*** Opening of DATA LISTING ***
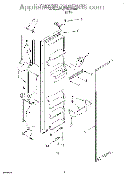 Parts for Whirlpool 7TS22AQXEW00: 08 - Freezer Door Parts
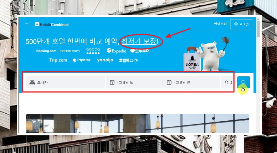 해당 사이트에 접속하면 메인화면에 나타나 있듯이 최저가를 보장해 준다고 해요. 일본 호텔 예약을 저렴하고 싶을 때 꽤 유용한 기능이죠. 사이트 이용 방법도 간단해요. 머무르려고 하는 지역, 날짜, 숙박 인원을 입력한 후 검색 버튼을 누르면 돼요. 일본의 오사카에 있는 숙소를 한 번 찾아볼게요.
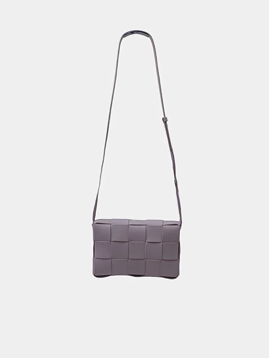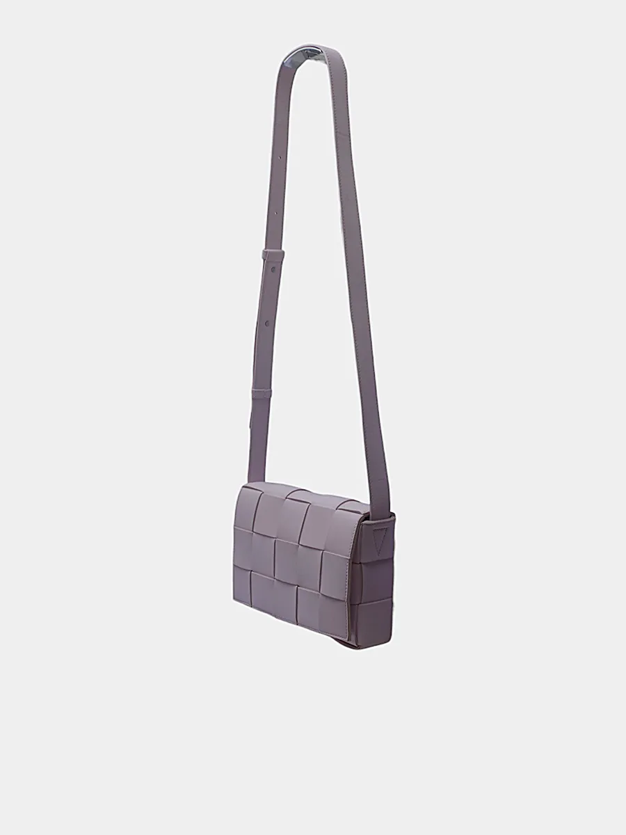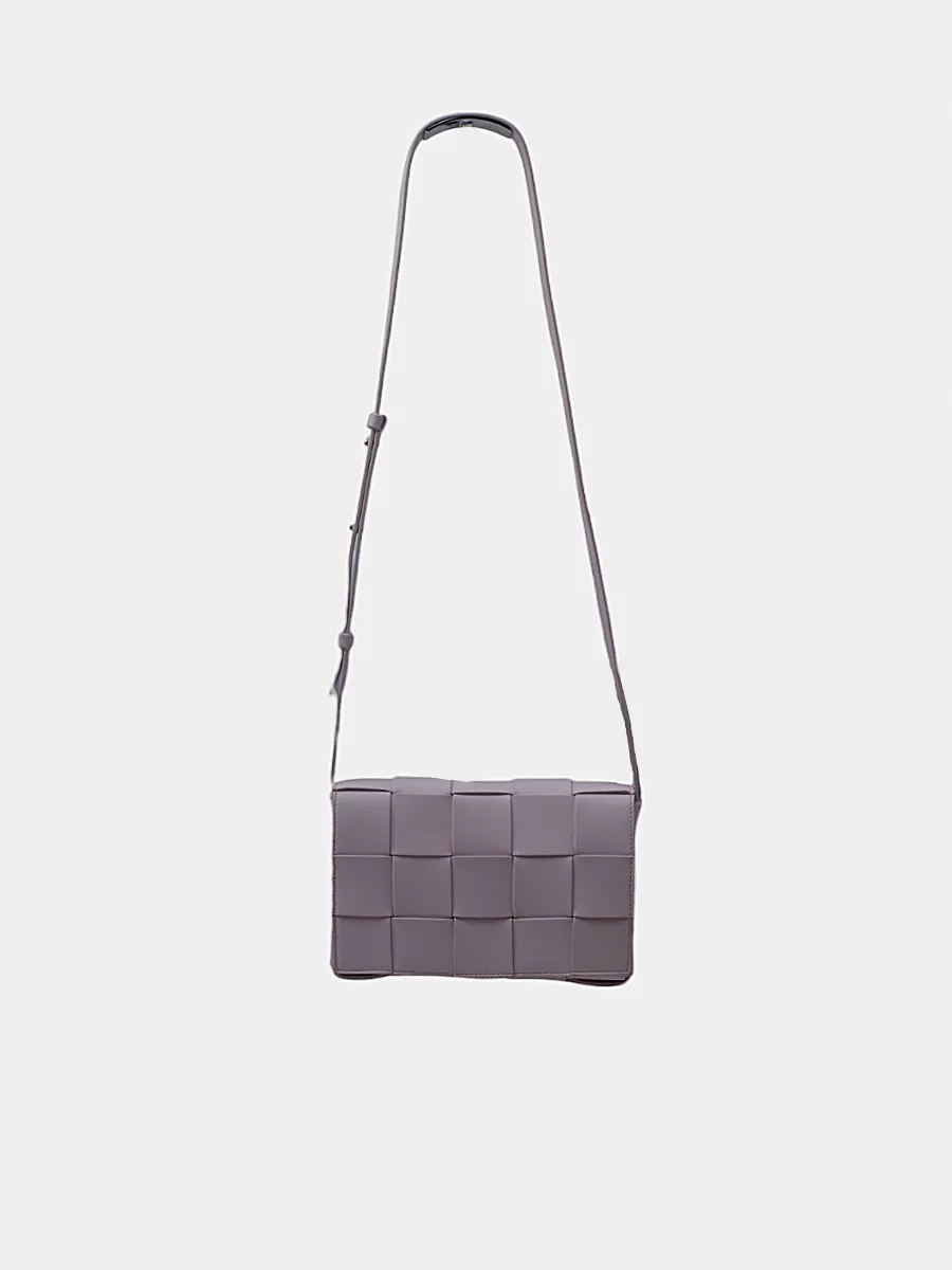 Сумка Bottega Veneta выполнена из гладкой кожи пастельно-серого цвета с фирменной плетёной текстурой Intrecciato в виде квадратных панелей; длинный регулируемый ремень и лаконичный прямоугольный силуэт подчёркивают минимализм и премиальность — универсальный аксессуар для повседневного и вечернего образа.
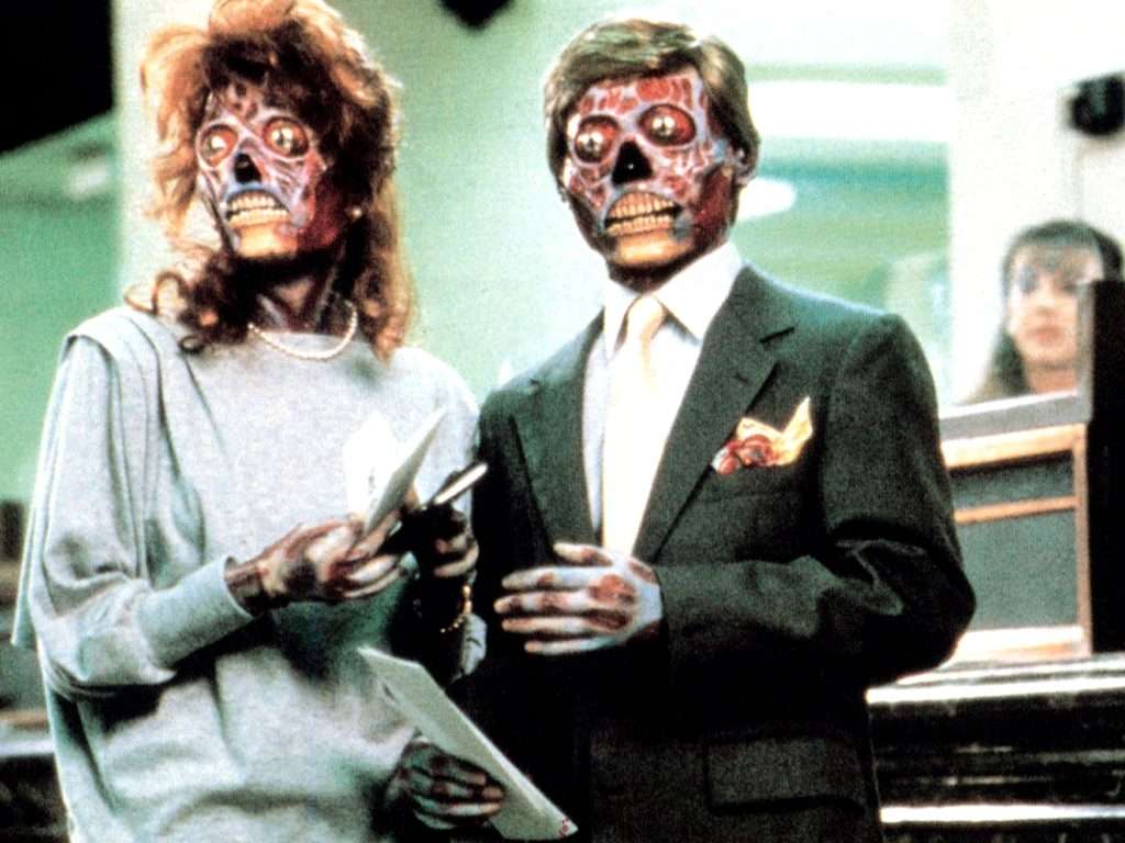 ‘They Live’ es una clara disección hacia la decadente sociedad estadounidense, que asentó un género de películas que no buscaban ocultar los numerosos errores cometidos por su país. No fue la primera película en ofrecer una crítica abierta hacia el gobierno o el sistema capitalista, pero destaca por su visión acida, visceral sobre el gobierno, ademas de sus toques de humor negro que pretenden parodiar alguna de las vivencias que muchos tienen que aguantar durante su día a día. La película destaca a la televisión como el principal elemento manipulador; una caja tonta, cuyos mensajes están al alcance de todas las clases sociales.
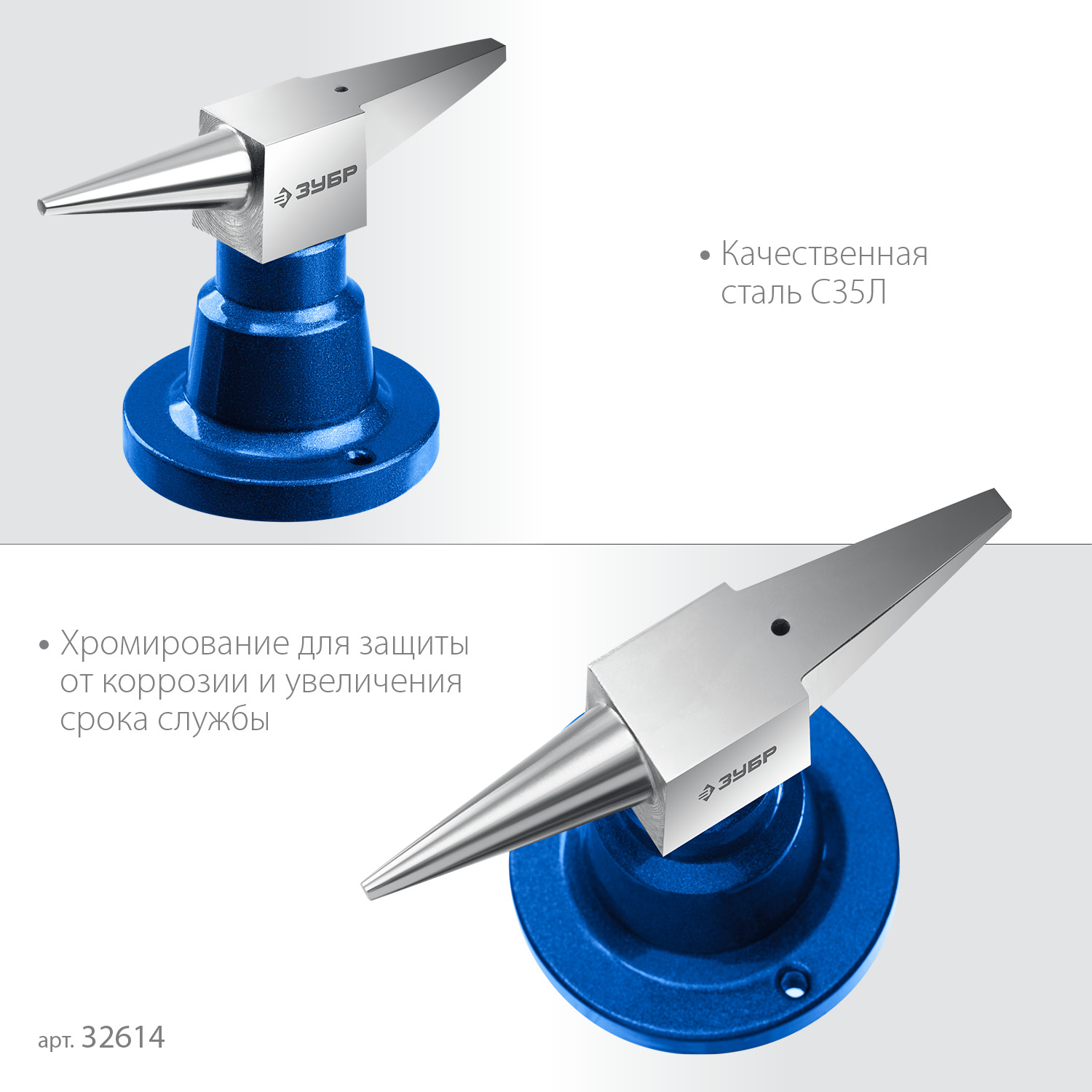 Стальная двурогая наковальня ЗУБР (шперак) для ювелирных работ и работы с проволокой . Антикоррозионное покрытие хромированием Сталь С35Л. Поверхность закалена на глубину 0,8-1,5 мм. Твердость рабочей части HB 340-477. Отверстия Ø3-4 мм для установки инструмента. Увеличенный срок службы. Для точных работ. Серия Профессионал У настольной версии предусмотрены отверстия для жеской фиксации на столе.
*** Close of DATA LISTING ***
**PROBLEM REQUIREMENTS**
When copying the material, leave every image behind and keep each line verbatim.

**SOLUTION TO THE PROBLEM**
 Parts for Whirlpool 7TS22AQXEW00: 08 - Freezer Door Parts
 해당 사이트에 접속하면 메인화면에 나타나 있듯이 최저가를 보장해 준다고 해요. 일본 호텔 예약을 저렴하고 싶을 때 꽤 유용한 기능이죠. 사이트 이용 방법도 간단해요. 머무르려고 하는 지역, 날짜, 숙박 인원을 입력한 후 검색 버튼을 누르면 돼요. 일본의 오사카에 있는 숙소를 한 번 찾아볼게요.
 Сумка Bottega Veneta выполнена из гладкой кожи пастельно-серого цвета с фирменной плетёной текстурой Intrecciato в виде квадратных панелей; длинный регулируемый ремень и лаконичный прямоугольный силуэт подчёркивают минимализм и премиальность — универсальный аксессуар для повседневного и вечернего образа.
 ‘They Live’ es una clara disección hacia la decadente sociedad estadounidense, que asentó un género de películas que no buscaban ocultar los numerosos errores cometidos por su país. No fue la primera película en ofrecer una crítica abierta hacia el gobierno o el sistema capitalista, pero destaca por su visión acida, visceral sobre el gobierno, ademas de sus toques de humor negro que pretenden parodiar alguna de las vivencias que muchos tienen que aguantar durante su día a día. La película destaca a la televisión como el principal elemento manipulador; una caja tonta, cuyos mensajes están al alcance de todas las clases sociales.
 Стальная двурогая наковальня ЗУБР (шперак) для ювелирных работ и работы с проволокой . Антикоррозионное покрытие хромированием Сталь С35Л. Поверхность закалена на глубину 0,8-1,5 мм. Твердость рабочей части HB 340-477. Отверстия Ø3-4 мм для установки инструмента. Увеличенный срок службы. Для точных работ. Серия Профессионал У настольной версии предусмотрены отверстия для жеской фиксации на столе.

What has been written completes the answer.